Inflation is now falling more rapidly, and the case for maintaining high interest rates is weaker. The peak in rates looks to have been reached and the falls which were expected last year should happen in 2024, although I would expect rates to remain reasonably high through the first half of the year. Central banks will be wary of undoing their hard work by easing too quickly.

At the same time, the rally in the final two months of 2023 has already captured some of the benefit of easier policy. Bond yields have already fallen some way from their peak and the valuation of shares has risen. Markets have done their job of anticipating the future.

This is the backdrop to my fund picks for 2024. A difficult economic environment with more supportive interest rates and valuations that are not stretched but are by no means cheap. My picks are defensive, aim to capture the high income now available across many asset classes, but also allow for the possibility that markets rally quite hard as policy eases. I hope I have covered all the bases.

The first pick is the Fidelity Cash Fund. This is a very conservatively managed fund, with a focus on safety, liquidity and diversification, designed to deliver consistent returns. The distribution yield is currently just above 5%. Investors benefit from Fidelity’s long experience in managing money market investment strategies and from a robust credit research process. The purpose of this pick is to capture what might be the final few months in which investors can enjoy high income with negligible risk to their capital.

Moving up the risk scale, and with a view to capturing both relatively high income with the added kicker of a capital gain as interest rates start to fall this year, the M&G Global Macro Bond Fund is the second pick for 2024. This is a flexible fund that can invest across multiple regions and lend to a range of borrowers. This broad remit means that investment experience is vital and the manager, Jim Leaviss, is one of the most experienced at M&G. He is supported by an experienced analyst team.

The third pick this year is the first of two global equity funds. The Fidelity Global Dividend Fund is one of Fidelity’s most consistent performers and should provide a good balance of growth and income.
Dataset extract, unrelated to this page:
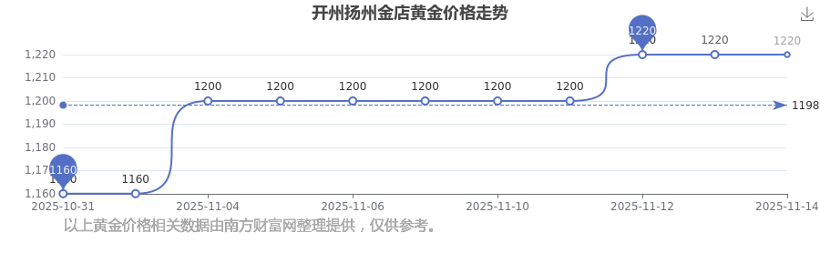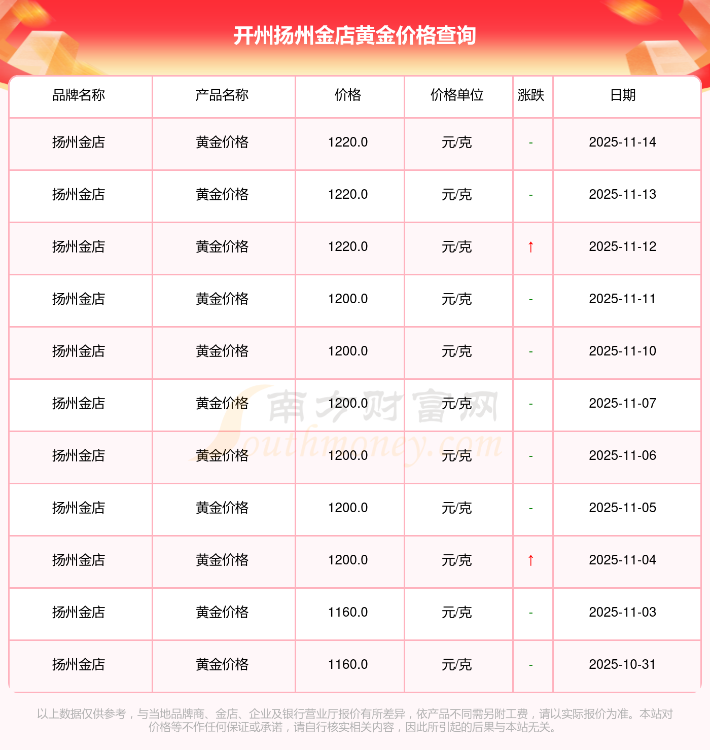 開州揚(yáng)州金店今日黃金價格每克多少錢,今天黃金一克在店鋪里的售價是多少?今日開州揚(yáng)州金店黃金價格查詢,開州揚(yáng)州金店黃金價格在 2025年11月16日為 1220.0元/克。
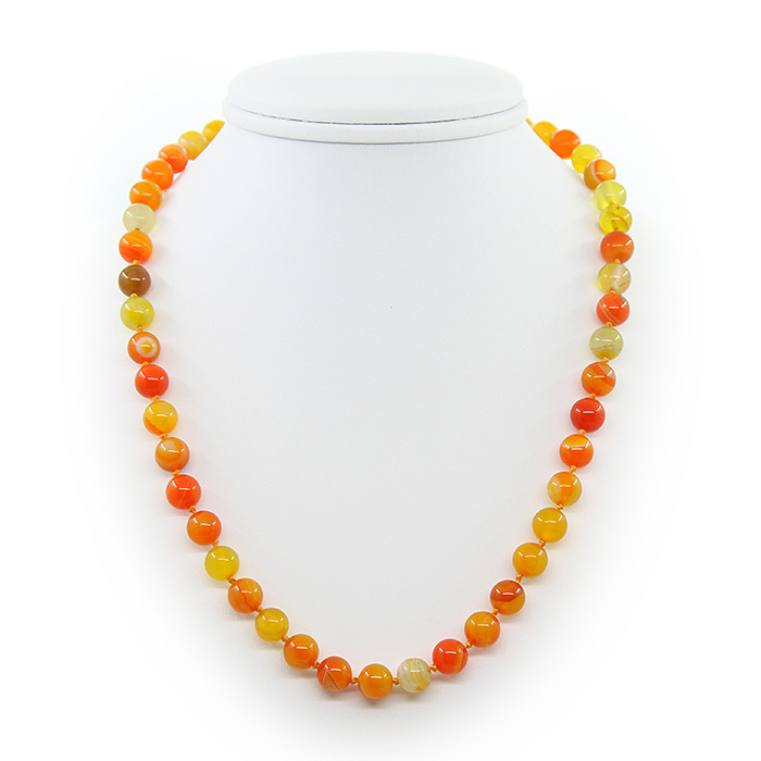 Бусы агат оранжевый, круглые 8мм, короткие 45см

It is a fund that I have held in my portfolio for many years. Dan Roberts is a meticulous investor, with long experience, and he is supported by an extensive team of analysts. As interest rates fall, I expect the reliable yield offered by a global equity income portfolio to become increasingly attractive to investors.

The final pick is simplicity itself. The L&G Global Equity Index Fund benefits from Legal & General’s strong index-tracking capability and is a low-cost option for investors looking for a plain vanilla exposure to global equities with a long-term horizon.

As always, I will invest in all four of these funds myself.